# July 13' Official MOTM Vote Thread



## tecollins1 (Nov 6, 2011)

poll is up!


----------



## Jvegas04 (Aug 13, 2012)

Voted. and now so should the rest of you


----------



## iKermit (Dec 13, 2010)

Voted.


----------



## jblackburn (Apr 14, 2012)

Go go Gadget voting machine!


----------



## trevor_geiger (Nov 29, 2012)

Voted


----------



## brian v (Dec 25, 2011)

Dang , now vote.


----------



## jblackburn (Apr 14, 2012)

brian v said:


> Dang , now vote.


Brian, you're getting lazy with these responses lately.
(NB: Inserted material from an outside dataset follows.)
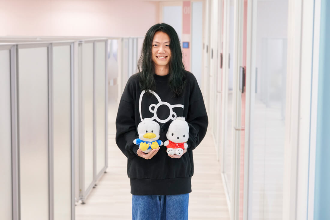 私が小さかった頃から、家にサンリオグッズがあったり、サンリオピューロランドにもよく行ったりするなど、サンリオは非常に身近な存在でした。そして大学生のときには、サンリオピューロランドでのアルバイトをしていました。サンリオは、現会長が社長だった時代に「Small Gift Big Smile」、すなわち、「小さな贈り物によって、笑顔が生まれ、大きな友情を育てる」という合言葉を掲げていました。サンリオピューロランドでの勤務時には、人一倍心を込めてゲストの方(お客様)とコミュニケーションをするように、常日頃から心がけていたのですが、ある日、ゲストの方から、とびっきりの素敵な笑顔で、「お兄さんのおかげでとっても楽しむことができました!」とお礼の言葉をいただいたことがあり、私自身もとても嬉しい気持ちになったのですが、そのときに「Small Gift Big Smile」とはこういうことなんだと心の底から理解できた感覚があったんです。それで、この素敵な言葉を掲げている会社に入りたいとあらためて思うようになりました。就職活動では他社からも内定をいただきましたが、自分が働いている姿をイメージしたときに、一番わくわくしていると思ったのがサンリオでした。

Where's the snickers and smurfs and ,,,,,,,,,,,,,,,,,,,,,'s?


----------



## iKermit (Dec 13, 2010)

Now brian will make your username into a verb.


----------



## H3LLON3ARTH (Dec 16, 2011)

Voted


----------



## Blue Angel (Feb 18, 2011)

Voted!


----------



## brian v (Dec 25, 2011)

voted for one of the above, now it is your turn to vote for one of the above !


----------



## brian v (Dec 25, 2011)

I am the only 1 that voted for ....... ....... . Come on folks Vote !


----------



## brian v (Dec 25, 2011)

:yahoo:Mass Mailing time , Vote now


----------



## brian v (Dec 25, 2011)

T needs your votes , I need your votes , smurf needs your votes .
​Vote .


----------



## tecollins1 (Nov 6, 2011)

Hold on to your hats!
The next 24 hrs is going to be crazy!

MASS PMs SENT
Expect to see a burst of votes coming in soon.
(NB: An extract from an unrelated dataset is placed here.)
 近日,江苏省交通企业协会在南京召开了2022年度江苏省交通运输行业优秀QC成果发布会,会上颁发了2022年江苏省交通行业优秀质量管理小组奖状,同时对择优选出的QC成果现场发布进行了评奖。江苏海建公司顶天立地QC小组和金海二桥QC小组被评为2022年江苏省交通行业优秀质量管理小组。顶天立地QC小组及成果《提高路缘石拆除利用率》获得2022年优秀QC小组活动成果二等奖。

Sent from AutoGuide.com App


----------



## iKermit (Dec 13, 2010)

Brb over 9000 votes

 Sent from my phone. Excuse my excellent grammar. Autoguide APP!


----------



## jblackburn (Apr 14, 2012)

iKermit said:


> Brb over 9000 votes
> 
> Sent from my phone. Excuse my excellent grammar. Autoguide APP!


Hax

Just cause you're from Florida doesn't mean you can use dead people's names to vote!
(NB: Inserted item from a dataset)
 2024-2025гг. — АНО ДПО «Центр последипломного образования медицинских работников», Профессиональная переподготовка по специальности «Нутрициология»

Sent from AutoGuide.com App


----------



## brian v (Dec 25, 2011)

I have 2 names so I get 2 Votes , thanks T .



... Vote ...​


----------



## Smurfenstein (Nov 16, 2011)

We need a tie breaker guys!


----------



## tecollins1 (Nov 6, 2011)

Not much time left guys!
Get your votes in!


Sent from AutoGuide.com App


----------



## Mick (Dec 31, 2011)

Ttt

Sent from AutoGuide.com Free App


----------



## brian v (Dec 25, 2011)

Rribit iKermit ! And the dead bodies didn't have to vote !


----------



## Blue Angel (Feb 18, 2011)

Congrats Kermit! I wonder if BNR can hook you up with something for that new 3-Series!


----------



## iKermit (Dec 13, 2010)

Thanks  I have no idea how i could have beat Andrei

If they hook me up with some for the 3er i will take it but if not, i will see if maybe i can give it to a deserving member around here.


----------



## Blue Angel (Feb 18, 2011)

iKermit said:


> Thanks  I have no idea how i could have beat Andrei
> 
> If they hook me up with some for the 3er i will take it but if not, i will see if maybe i can give it to a deserving member around here.


Stop it! No need to suck up to CT members, you're not eligible for MOTM for another six months!


----------



## jblackburn (Apr 14, 2012)

Huzzah! Congrats Danny boy.


----------



## obermd (Mar 3, 2012)

Congrats iKermit.


----------